● YOUR GOAL
When you reach the line with "Mit diesem einzigartigen" in the records below, begin transcribing exactly and continue up to and including the line with "이것도 마찬가지로 오후", leaving out every picture.

++++++

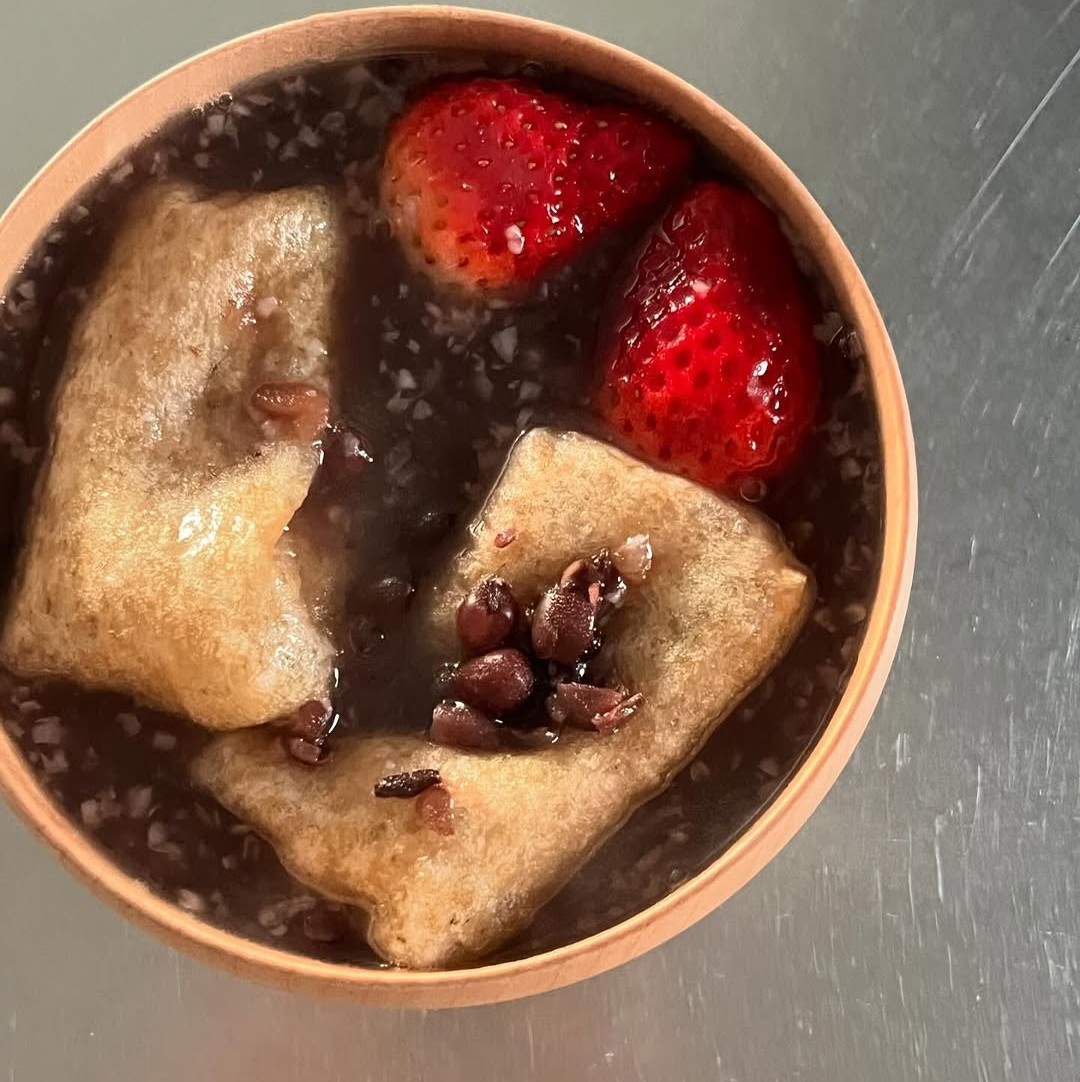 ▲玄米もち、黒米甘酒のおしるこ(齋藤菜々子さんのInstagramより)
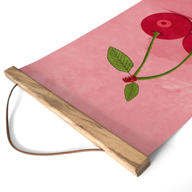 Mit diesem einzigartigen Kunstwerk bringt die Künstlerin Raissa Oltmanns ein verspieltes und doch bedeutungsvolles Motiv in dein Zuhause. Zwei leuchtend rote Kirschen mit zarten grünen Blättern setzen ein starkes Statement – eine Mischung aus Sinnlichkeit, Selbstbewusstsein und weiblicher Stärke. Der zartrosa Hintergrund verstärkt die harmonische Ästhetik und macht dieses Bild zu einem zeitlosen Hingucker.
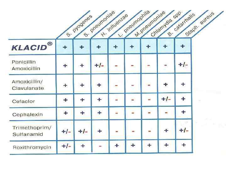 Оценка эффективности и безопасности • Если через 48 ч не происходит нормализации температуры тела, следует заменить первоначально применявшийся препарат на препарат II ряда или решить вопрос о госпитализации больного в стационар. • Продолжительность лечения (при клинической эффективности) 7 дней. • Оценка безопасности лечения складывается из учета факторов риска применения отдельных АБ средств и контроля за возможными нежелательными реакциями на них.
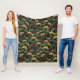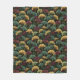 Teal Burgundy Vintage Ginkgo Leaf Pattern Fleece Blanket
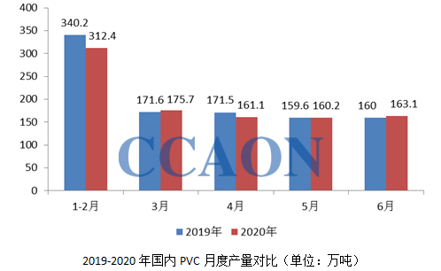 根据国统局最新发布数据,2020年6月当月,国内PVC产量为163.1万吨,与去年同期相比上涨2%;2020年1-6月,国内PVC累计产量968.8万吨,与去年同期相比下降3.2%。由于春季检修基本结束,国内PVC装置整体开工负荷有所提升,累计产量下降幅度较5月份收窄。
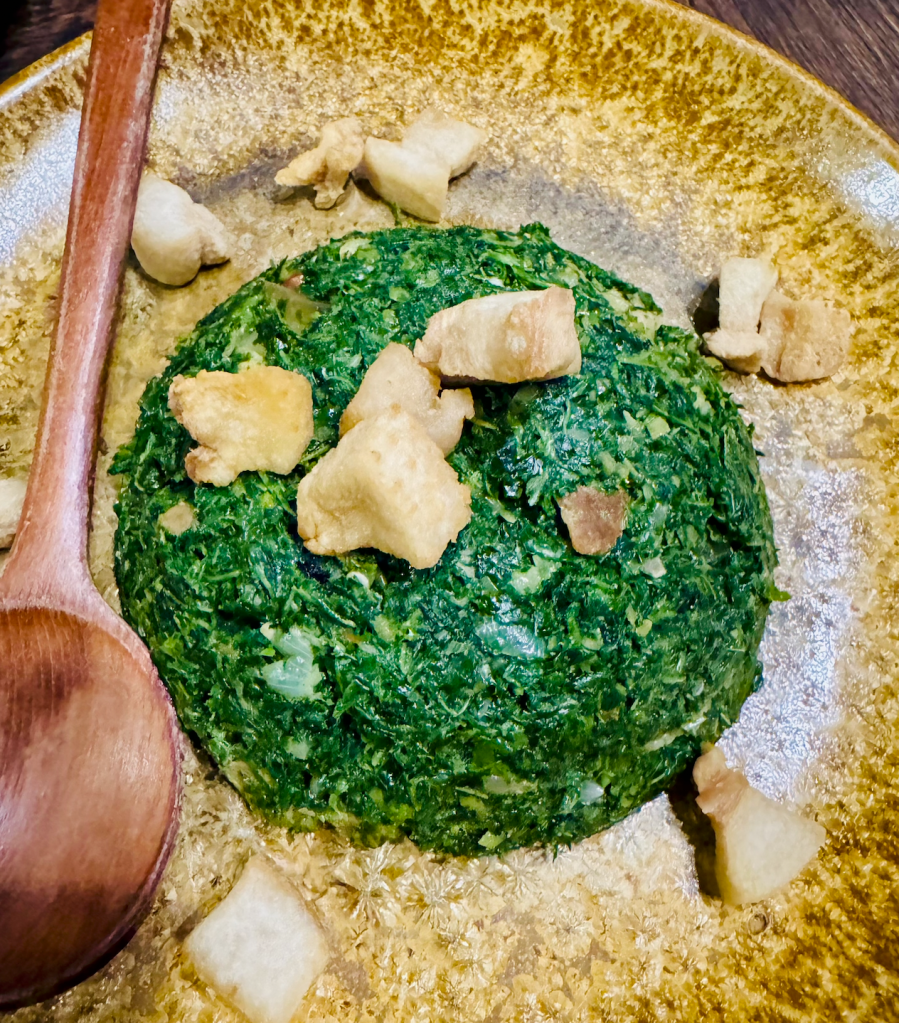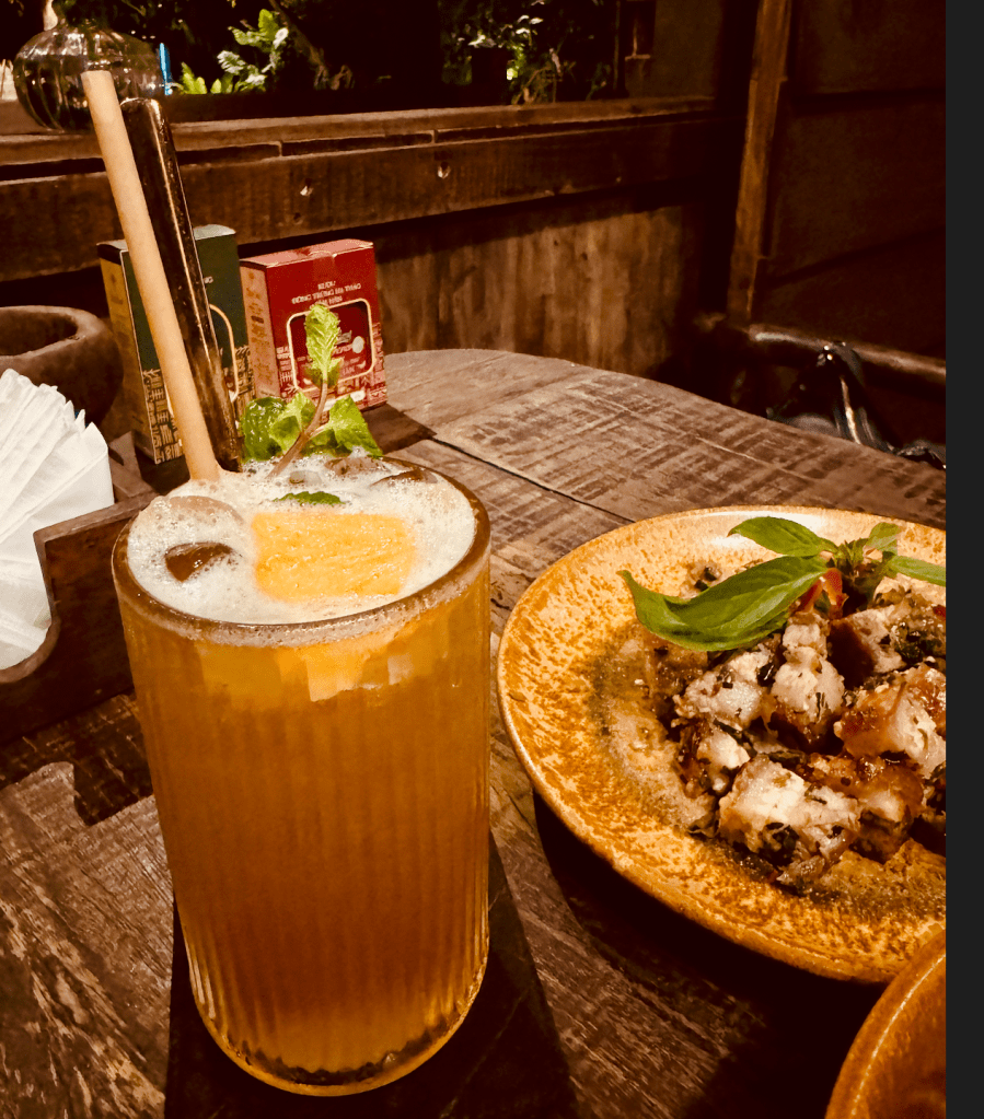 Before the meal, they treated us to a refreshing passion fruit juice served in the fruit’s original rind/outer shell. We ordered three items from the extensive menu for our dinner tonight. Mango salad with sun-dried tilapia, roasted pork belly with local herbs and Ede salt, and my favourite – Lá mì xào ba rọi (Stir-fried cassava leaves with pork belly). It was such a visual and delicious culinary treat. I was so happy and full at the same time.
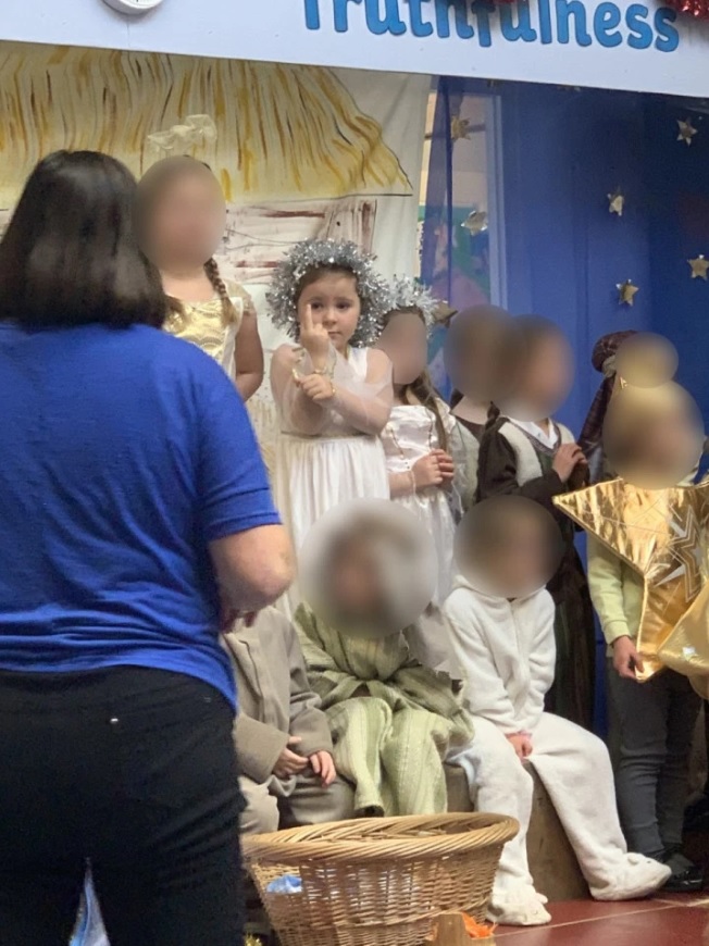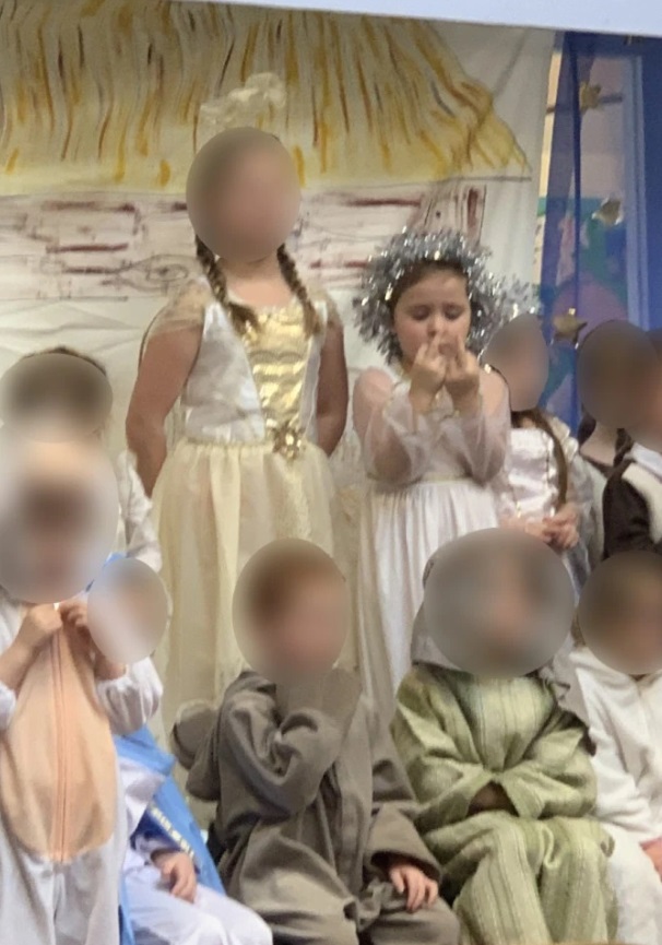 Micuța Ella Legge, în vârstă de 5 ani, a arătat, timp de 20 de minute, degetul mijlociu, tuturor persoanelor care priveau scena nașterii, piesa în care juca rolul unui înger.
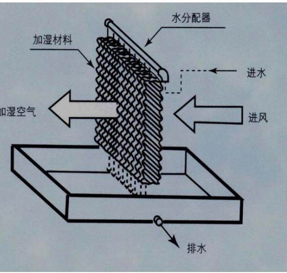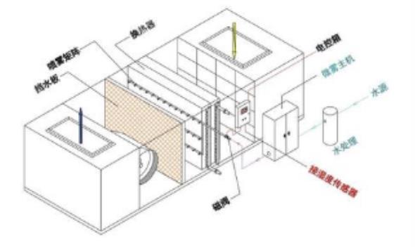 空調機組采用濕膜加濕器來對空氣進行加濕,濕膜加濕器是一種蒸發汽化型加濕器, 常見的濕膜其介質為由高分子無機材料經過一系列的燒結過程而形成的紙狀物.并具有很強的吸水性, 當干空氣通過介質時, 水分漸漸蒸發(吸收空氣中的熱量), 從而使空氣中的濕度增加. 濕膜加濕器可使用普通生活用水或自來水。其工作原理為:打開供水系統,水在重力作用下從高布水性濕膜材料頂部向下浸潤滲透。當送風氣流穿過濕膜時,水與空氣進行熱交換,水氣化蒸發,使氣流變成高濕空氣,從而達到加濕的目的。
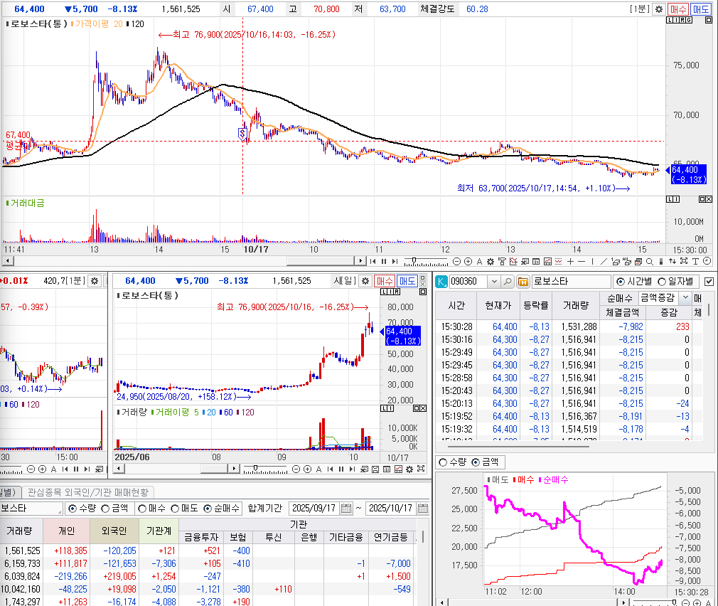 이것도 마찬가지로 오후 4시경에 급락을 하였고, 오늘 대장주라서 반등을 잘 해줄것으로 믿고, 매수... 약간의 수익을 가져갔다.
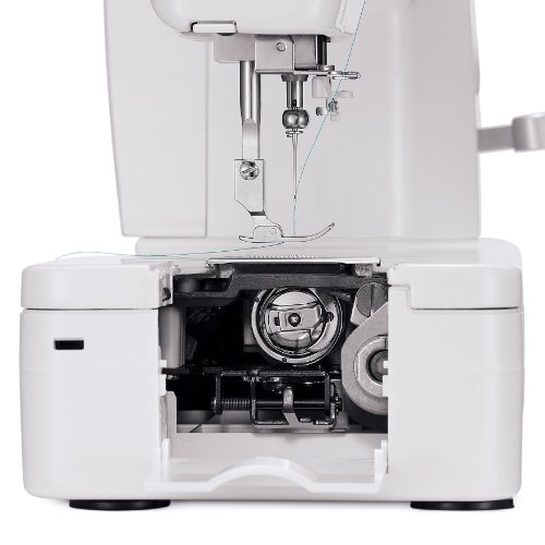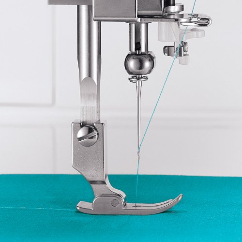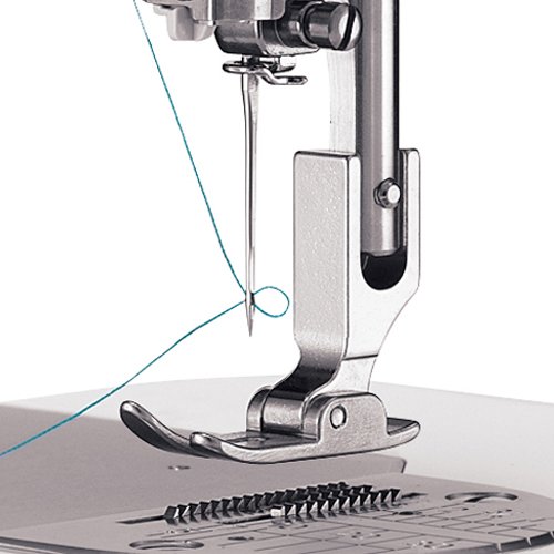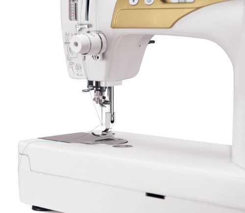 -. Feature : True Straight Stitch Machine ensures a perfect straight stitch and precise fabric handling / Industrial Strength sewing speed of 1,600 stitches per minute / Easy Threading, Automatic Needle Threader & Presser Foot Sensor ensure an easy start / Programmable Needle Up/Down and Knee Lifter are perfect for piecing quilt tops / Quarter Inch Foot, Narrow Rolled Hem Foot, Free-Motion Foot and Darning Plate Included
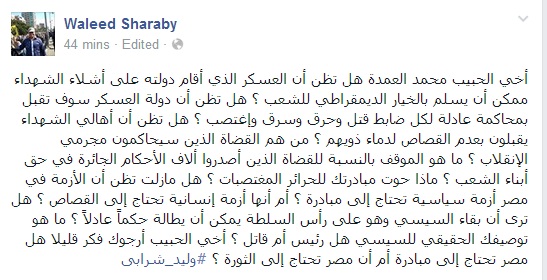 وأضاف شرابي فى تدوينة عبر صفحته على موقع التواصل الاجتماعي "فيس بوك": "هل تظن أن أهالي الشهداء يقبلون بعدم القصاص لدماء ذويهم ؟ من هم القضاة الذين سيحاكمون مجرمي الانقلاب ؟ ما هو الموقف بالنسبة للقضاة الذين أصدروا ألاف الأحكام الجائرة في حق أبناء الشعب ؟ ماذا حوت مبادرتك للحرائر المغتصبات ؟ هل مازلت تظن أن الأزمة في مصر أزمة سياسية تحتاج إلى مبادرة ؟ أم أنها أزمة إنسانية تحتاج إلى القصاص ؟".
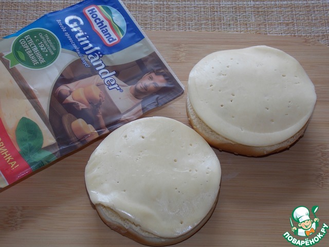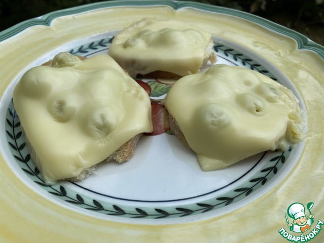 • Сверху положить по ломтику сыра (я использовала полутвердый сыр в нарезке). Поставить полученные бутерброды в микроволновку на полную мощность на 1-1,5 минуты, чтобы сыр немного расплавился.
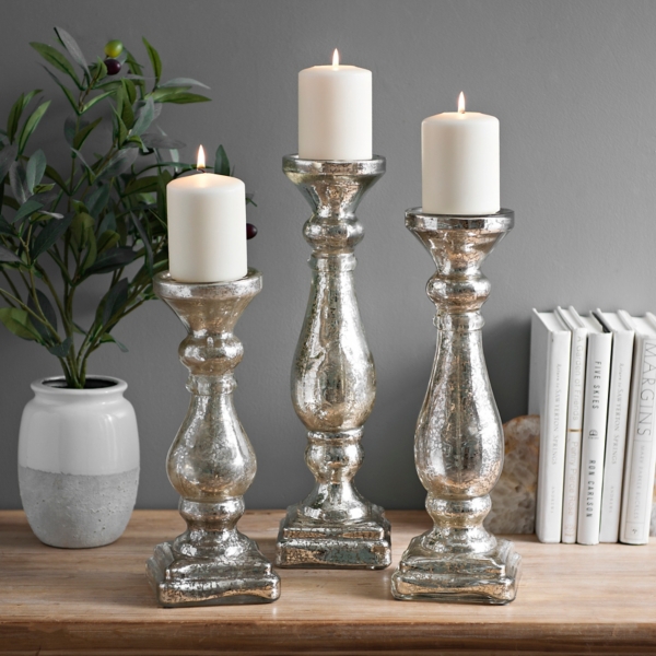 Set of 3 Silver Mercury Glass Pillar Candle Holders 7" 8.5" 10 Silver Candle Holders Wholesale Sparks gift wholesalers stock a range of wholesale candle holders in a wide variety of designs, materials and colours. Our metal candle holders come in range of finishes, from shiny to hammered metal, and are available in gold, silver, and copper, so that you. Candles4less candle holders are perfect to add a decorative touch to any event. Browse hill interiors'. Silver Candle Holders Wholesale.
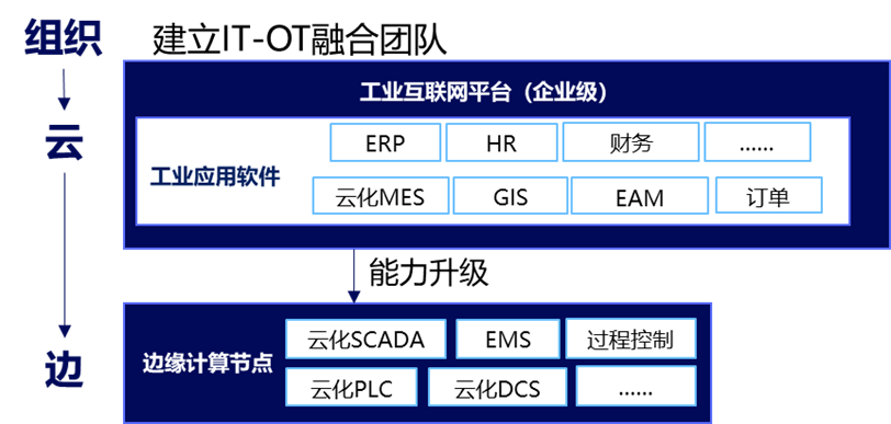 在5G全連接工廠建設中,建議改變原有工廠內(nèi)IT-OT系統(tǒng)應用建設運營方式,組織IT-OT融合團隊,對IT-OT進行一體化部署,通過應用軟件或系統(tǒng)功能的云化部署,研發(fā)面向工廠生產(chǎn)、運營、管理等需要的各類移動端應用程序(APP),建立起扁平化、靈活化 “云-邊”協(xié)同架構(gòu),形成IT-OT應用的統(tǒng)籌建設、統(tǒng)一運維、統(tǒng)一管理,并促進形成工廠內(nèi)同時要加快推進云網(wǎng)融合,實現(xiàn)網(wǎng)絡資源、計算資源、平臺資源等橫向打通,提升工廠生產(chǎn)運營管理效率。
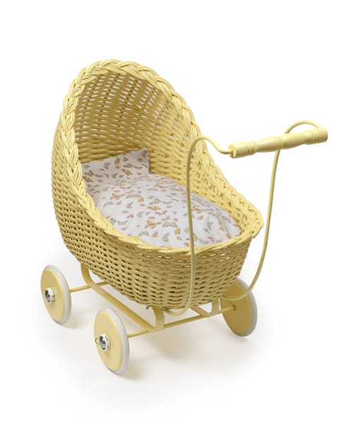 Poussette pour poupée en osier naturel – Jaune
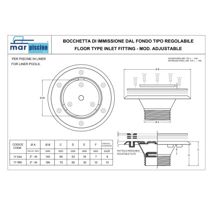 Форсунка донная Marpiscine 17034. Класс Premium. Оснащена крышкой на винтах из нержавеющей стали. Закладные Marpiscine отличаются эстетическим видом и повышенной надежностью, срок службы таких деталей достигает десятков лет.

++++++

● THE COMPLETED TASK
 Mit diesem einzigartigen Kunstwerk bringt die Künstlerin Raissa Oltmanns ein verspieltes und doch bedeutungsvolles Motiv in dein Zuhause. Zwei leuchtend rote Kirschen mit zarten grünen Blättern setzen ein starkes Statement – eine Mischung aus Sinnlichkeit, Selbstbewusstsein und weiblicher Stärke. Der zartrosa Hintergrund verstärkt die harmonische Ästhetik und macht dieses Bild zu einem zeitlosen Hingucker.
 Оценка эффективности и безопасности • Если через 48 ч не происходит нормализации температуры тела, следует заменить первоначально применявшийся препарат на препарат II ряда или решить вопрос о госпитализации больного в стационар. • Продолжительность лечения (при клинической эффективности) 7 дней. • Оценка безопасности лечения складывается из учета факторов риска применения отдельных АБ средств и контроля за возможными нежелательными реакциями на них.
 Teal Burgundy Vintage Ginkgo Leaf Pattern Fleece Blanket
 根据国统局最新发布数据,2020年6月当月,国内PVC产量为163.1万吨,与去年同期相比上涨2%;2020年1-6月,国内PVC累计产量968.8万吨,与去年同期相比下降3.2%。由于春季检修基本结束,国内PVC装置整体开工负荷有所提升,累计产量下降幅度较5月份收窄。
 Before the meal, they treated us to a refreshing passion fruit juice served in the fruit’s original rind/outer shell. We ordered three items from the extensive menu for our dinner tonight. Mango salad with sun-dried tilapia, roasted pork belly with local herbs and Ede salt, and my favourite – Lá mì xào ba rọi (Stir-fried cassava leaves with pork belly). It was such a visual and delicious culinary treat. I was so happy and full at the same time.
 Micuța Ella Legge, în vârstă de 5 ani, a arătat, timp de 20 de minute, degetul mijlociu, tuturor persoanelor care priveau scena nașterii, piesa în care juca rolul unui înger.
 空調機組采用濕膜加濕器來對空氣進行加濕,濕膜加濕器是一種蒸發汽化型加濕器, 常見的濕膜其介質為由高分子無機材料經過一系列的燒結過程而形成的紙狀物.并具有很強的吸水性, 當干空氣通過介質時, 水分漸漸蒸發(吸收空氣中的熱量), 從而使空氣中的濕度增加. 濕膜加濕器可使用普通生活用水或自來水。其工作原理為:打開供水系統,水在重力作用下從高布水性濕膜材料頂部向下浸潤滲透。當送風氣流穿過濕膜時,水與空氣進行熱交換,水氣化蒸發,使氣流變成高濕空氣,從而達到加濕的目的。
 이것도 마찬가지로 오후 4시경에 급락을 하였고, 오늘 대장주라서 반등을 잘 해줄것으로 믿고, 매수... 약간의 수익을 가져갔다.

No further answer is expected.